Well now you're just making stuff up, I don't 'inflict' anything on mine. And you are being paranoid, I wasn’t being specific. In fact I had other posts in mind when I typed that. The point is as many others have pointed out that effectively parenting a 14 year old does not preclude sending them overseas to a safe and familiar environment that best meets their emotional and educational needs safely. I know plenty of children who actively wanted that environment in place of home and local schooling overseas. If you deny them that choice when there are good reasons for it and you have the resources then you are inflicting your emotional need for their presence on them.

What do you think modern Boarding Schools are like?
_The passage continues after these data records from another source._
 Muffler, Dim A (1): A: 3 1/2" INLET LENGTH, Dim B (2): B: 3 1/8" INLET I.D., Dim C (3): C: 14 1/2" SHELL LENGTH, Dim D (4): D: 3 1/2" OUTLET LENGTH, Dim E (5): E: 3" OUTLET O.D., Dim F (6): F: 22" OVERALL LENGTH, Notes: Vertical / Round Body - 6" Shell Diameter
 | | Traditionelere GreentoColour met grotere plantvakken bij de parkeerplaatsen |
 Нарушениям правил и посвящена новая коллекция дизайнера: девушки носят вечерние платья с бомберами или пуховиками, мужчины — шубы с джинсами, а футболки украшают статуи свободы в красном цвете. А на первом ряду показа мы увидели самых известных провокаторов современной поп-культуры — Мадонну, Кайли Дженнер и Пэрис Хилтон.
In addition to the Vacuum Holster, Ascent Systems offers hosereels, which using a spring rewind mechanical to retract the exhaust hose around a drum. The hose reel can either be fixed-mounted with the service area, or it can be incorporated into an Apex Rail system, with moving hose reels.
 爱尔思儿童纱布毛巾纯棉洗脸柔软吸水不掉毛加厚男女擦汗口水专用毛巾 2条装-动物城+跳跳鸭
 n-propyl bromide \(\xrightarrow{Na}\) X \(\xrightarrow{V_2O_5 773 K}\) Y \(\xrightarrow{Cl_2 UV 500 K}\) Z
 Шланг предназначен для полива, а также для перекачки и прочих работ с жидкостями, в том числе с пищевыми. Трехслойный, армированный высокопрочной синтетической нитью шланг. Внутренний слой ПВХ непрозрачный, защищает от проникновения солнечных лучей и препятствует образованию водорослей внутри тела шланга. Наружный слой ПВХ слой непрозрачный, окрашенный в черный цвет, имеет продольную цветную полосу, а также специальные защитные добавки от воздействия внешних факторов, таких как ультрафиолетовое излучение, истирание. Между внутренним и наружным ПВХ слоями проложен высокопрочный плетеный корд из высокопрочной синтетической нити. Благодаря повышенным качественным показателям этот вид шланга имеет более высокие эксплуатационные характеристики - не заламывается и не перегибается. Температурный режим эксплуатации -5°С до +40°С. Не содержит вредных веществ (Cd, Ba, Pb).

They are no longer filled with dormitories stinking of urine with lines of weeping children sent there by emotionally stunted upper classes to be left at the mercy of bullies and abusive teachers. Pupils do actually live in warm home like units with experienced house parents who create a sense of family. As I have said it wasn’t for us but my experience does not suggest it isn’t for anyone, especially in a time of uncertainty and upheaval.

I think that you have cultivated a stereotypical view of the schools and parents and are not going to let the complicated reality of other people’s real life experience and choices get in the way. There is a lot of it about......
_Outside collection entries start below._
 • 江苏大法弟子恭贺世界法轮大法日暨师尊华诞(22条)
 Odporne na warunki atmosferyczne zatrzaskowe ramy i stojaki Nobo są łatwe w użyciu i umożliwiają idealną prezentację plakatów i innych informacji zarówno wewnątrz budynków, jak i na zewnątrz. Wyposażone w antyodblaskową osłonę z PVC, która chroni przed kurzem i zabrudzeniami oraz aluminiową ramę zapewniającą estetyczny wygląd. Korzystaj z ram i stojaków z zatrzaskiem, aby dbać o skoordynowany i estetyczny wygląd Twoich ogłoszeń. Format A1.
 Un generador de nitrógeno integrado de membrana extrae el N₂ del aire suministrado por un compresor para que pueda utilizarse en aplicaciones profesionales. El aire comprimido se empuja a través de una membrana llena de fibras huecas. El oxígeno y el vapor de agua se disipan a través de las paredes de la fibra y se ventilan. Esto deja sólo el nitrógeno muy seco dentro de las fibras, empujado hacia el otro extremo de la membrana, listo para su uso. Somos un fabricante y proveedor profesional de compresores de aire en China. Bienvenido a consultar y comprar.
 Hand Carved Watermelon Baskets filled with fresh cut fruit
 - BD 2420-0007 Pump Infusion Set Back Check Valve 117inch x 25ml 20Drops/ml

SueSaid · 29/04/2021 19:25

@Asposhasitgets very pleased to hear it! Can't believe i missed your post yesterday Grin

Thank god for that, it did seem farfetched but you never know these days with so many thinking they're a special case.

osbertthesyrianhamster · 29/04/2021 19:40

Gees, still carrying on with the 'I had it bad, so they should, too!' under whatever pretext it is now. All the bitter, 'They think they're special!' Nah, they're just carrying on. Whatever, honestly.
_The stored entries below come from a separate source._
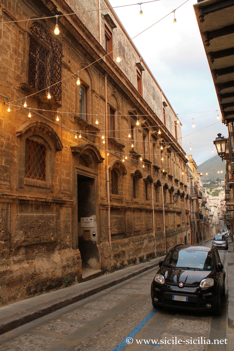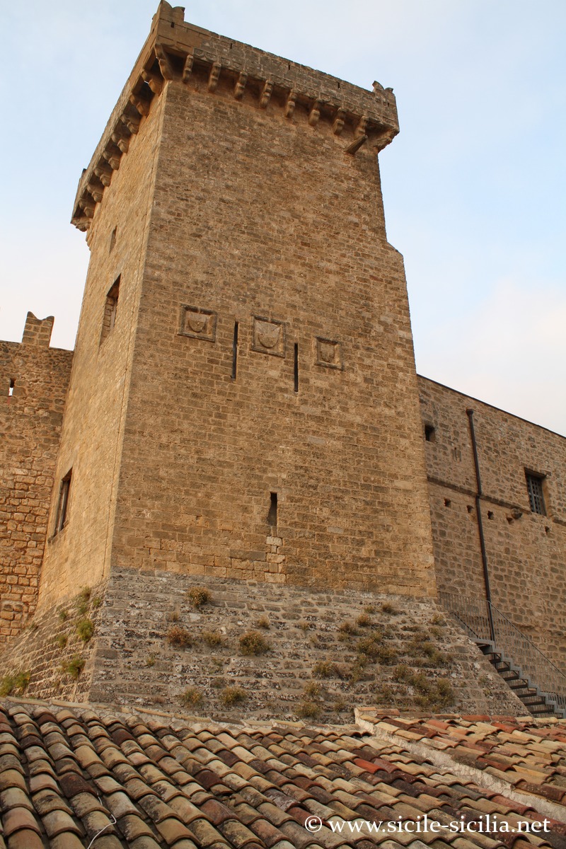 La tour du château, où l’on remarque le blason des Abbate domine le sud du pays. Une terrasse a été aménagée pour contempler la ville. Les Abbate furent une autre famille influente de Carini.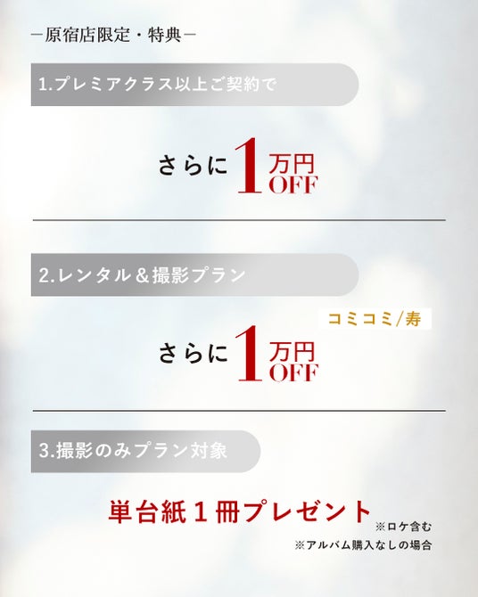 原宿店では共通特典に合わせてさらにお得な割引特典をご用意!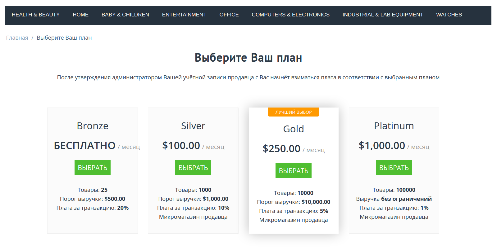 Модуль Тарифные планы для продавцов позволяет вам создавать тарифные планы для ваших продавцов. У этих тарифных планов могут быть ограничения по количеству товаров, доходам, разрешенным категориям и т.д. В зависимости от того, как вы настроите модуль, продавцы смогут (или не смогут) самостоятельно переключаться на другие планы.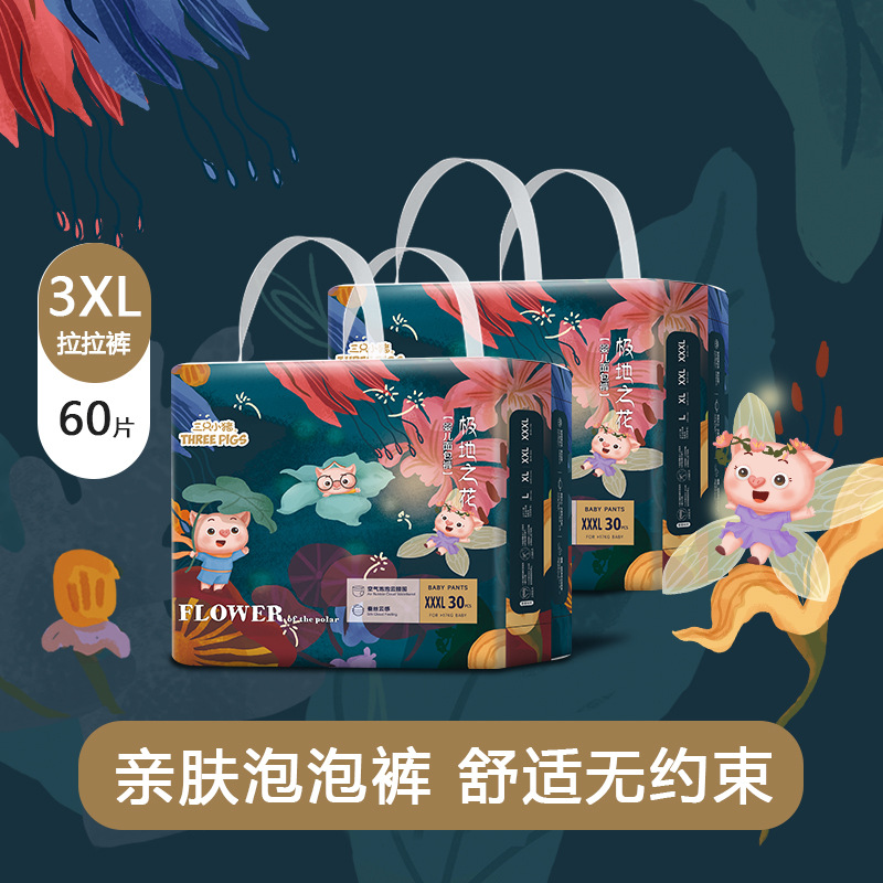 三只小猪极地之花系列亲肤泡泡裤纸尿裤大吸量全包臀拉拉裤批发

Emilyontmoor · 29/04/2021 19:55

Asposhasitgets point taken but this is still a thread where people are taking judgmental stands on the parenting of others when they have absolutely no experience or knowledge of the reality. I suspect that although I hate the term virtue signalling there is an element of some posters thinking they are standing up for these poor abandoned children in the face of their neglectful parents. I suggest they meet some of these children, they are perfectly able to stand up for themselves. In fact in my experience it is often why they are in U.K. boarding schools, having stood up for their choices in the face of parents who did not want them to go, even when they knew the local alternative was far from ideal. I nursed some of those stereotypes myself but having visited countless schools and been involved in the lives of pupils at a few I wouldn’t want to be the person trying to exercise their saviour complex on them.

I am commenting on China from not just experience but also academic knowledge that has undermined the judgements made from a western perspective. There are in particular very different cultural factors in the parenting of children from Confucian Societies and China in particular, choices are not just rooted in dissatisfaction with their education system but in what is regarded as important to prepare a child for success in life. The reason there is such cut throat competition to get to not just any Boarding School but certain ‘name’ schools and universities.

Enko · 02/05/2021 19:56

It’s not ‘too attached’ to want to be in the same household as your child. smile @Totalbeach

This totally depends on the situation and the child. Sometimes as a parent it is your job to find out what is best for your child and not do what you want because it is best for you.